Он нашел его лежащего на диване в беспамятстве, не
раздетого. Лицо его страшно изменилось. Берсенев тотчас приказал хозяину с
хозяйкой раздеть его и перенесть на постель, а сам бросился к доктору и привез
его. Доктор прописал разом пиявки, мушки, каломель и велел пустить кровь.
— Он опасен? — спросил Берсенев.
— Да, очень, — отвечал доктор. — Сильнейшее
воспаление в легких; перипневмония в полном развитии, может быть, и мозг
поражен, а субъект молодой. Его же силы теперь против него направлены. Поздно
послали, а впрочем, мы все сделаем, что требует наука.
Доктор был еще сам молод и верил в науку.
Берсенев остался на ночь. Хозяин и хозяйка оказались добрыми
и даже расторопными людьми, как только нашелся человек, который стал им
говорить, что надо было делать. Явился фельдшер — и начались медицинские
истязания.
К утру Инсаров очнулся на несколько минут, узнал Берсенева,
спросил: «Я, кажется, нездоров?» — посмотрел вокруг себя с тупым и вялым
недоумением трудно больного и опять забылся. Берсенев поехал домой, переоделся,
захватил с собой кое-какие книги и вернулся на квартиру Инсарова. Он решился
поселиться у него, по крайней мере на первое время. Он огородил его кровать
ширмами, а себе устроил местечко около диванчика. Невесело и нескоро прошел
день. Берсенев отлучился только для того, чтобы пообедать. Настал вечер. Он
зажег свечку с абажуром и принялся за чтение. Все было тихо кругом. У хозяев за
перегородкой слышался то сдержанный шепот, то зевок, то вздох… Кто-то у них
чихнул, и его шепотом побранили; за ширмами раздавалось тяжелое и неровное
дыхание, изредка прерываемое коротким стоном да тоскливым метанием головы по
подушке… Странные нашли на Берсенева думы. Он находился в комнате человека,
жизнь которого висела на нитке, человека, которого, он это знал, любила Елена…

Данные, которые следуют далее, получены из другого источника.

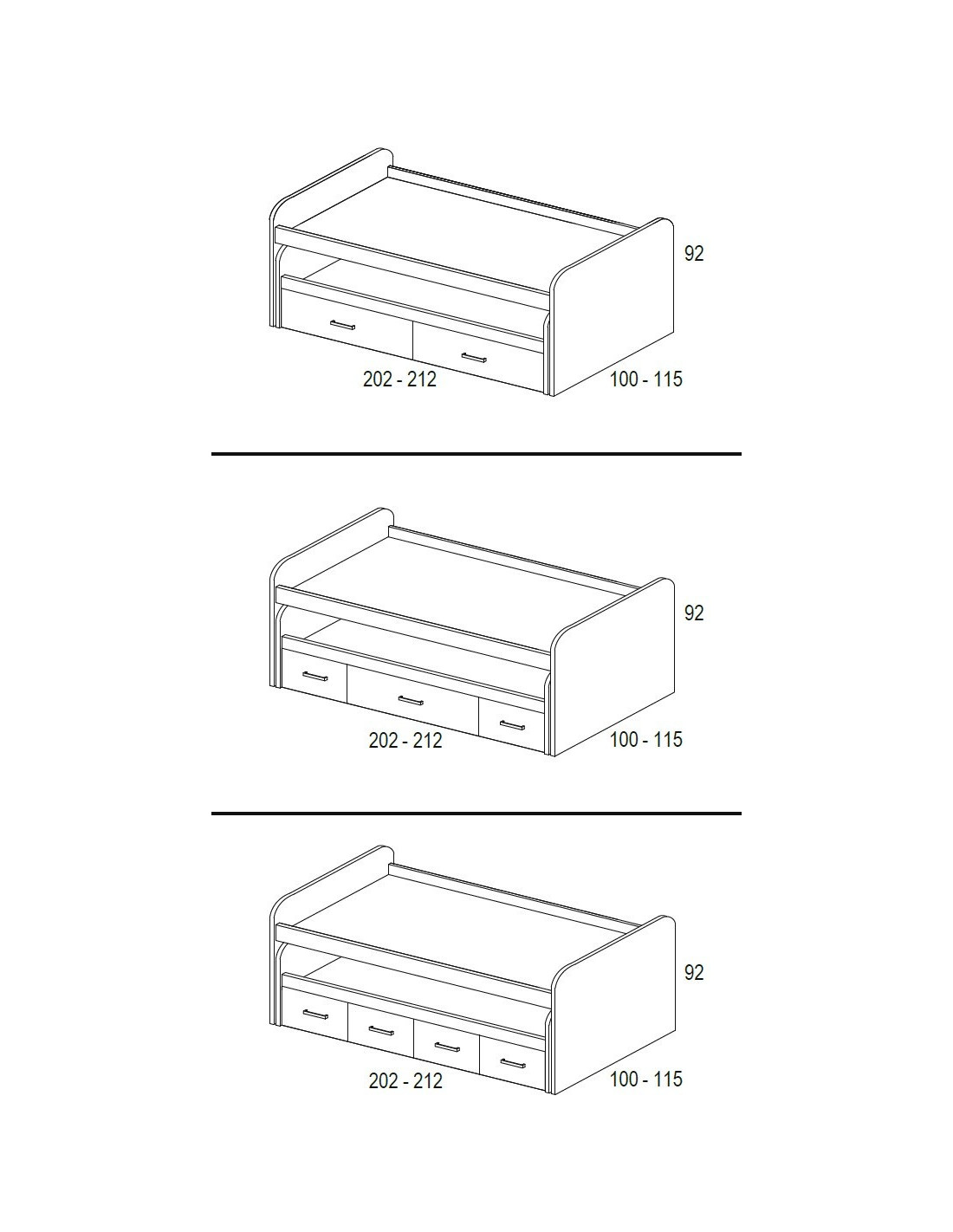 - Compacta: 202 / 212 (colchón 190 / 200) x 100 / 115 (colchón 90 / 105) x 92 (altura base cama superior 69 cm. aproximadamente)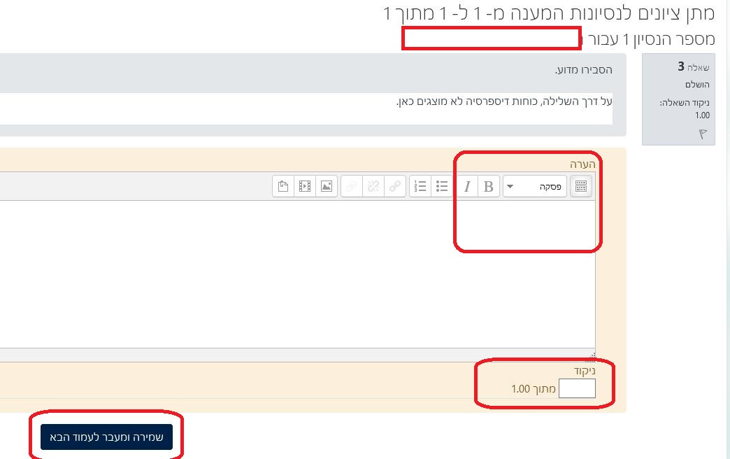 8. לחצו על הקישור של השאלה אותה אתם מעוניינים לבדוק ותועברו לעמוד הבדיקה של אותה השאלה לכל הסטודנטים. עבור כל סטודנט הזינו ציון והערות ושמרו בסיום. שימו לב שעברתם על כל העמודים:

Вспомнилась ему та ночь, когда Шубин нагнал его и объявил ему, что она его
любит, его, Берсенева! А теперь… «Что мне теперь делать? — спрашивал он
самого себя. — Известить ли Елену об его болезни? Подождать ли? Это
известие печальнее того, которое я же ей сообщил когда-то: странно, как судьба
меня все ставит третьим лицом между ними!» Он решил, что лучше подождать. Взоры
его упали на стол, покрытый грудами бумаг… «Исполнит ли он свои замыслы? —
подумал Берсенев, — Неужели все исчезнет?» И жалко ему становилось молодой
погибающей жизни, и он давал себе слово ее спасти…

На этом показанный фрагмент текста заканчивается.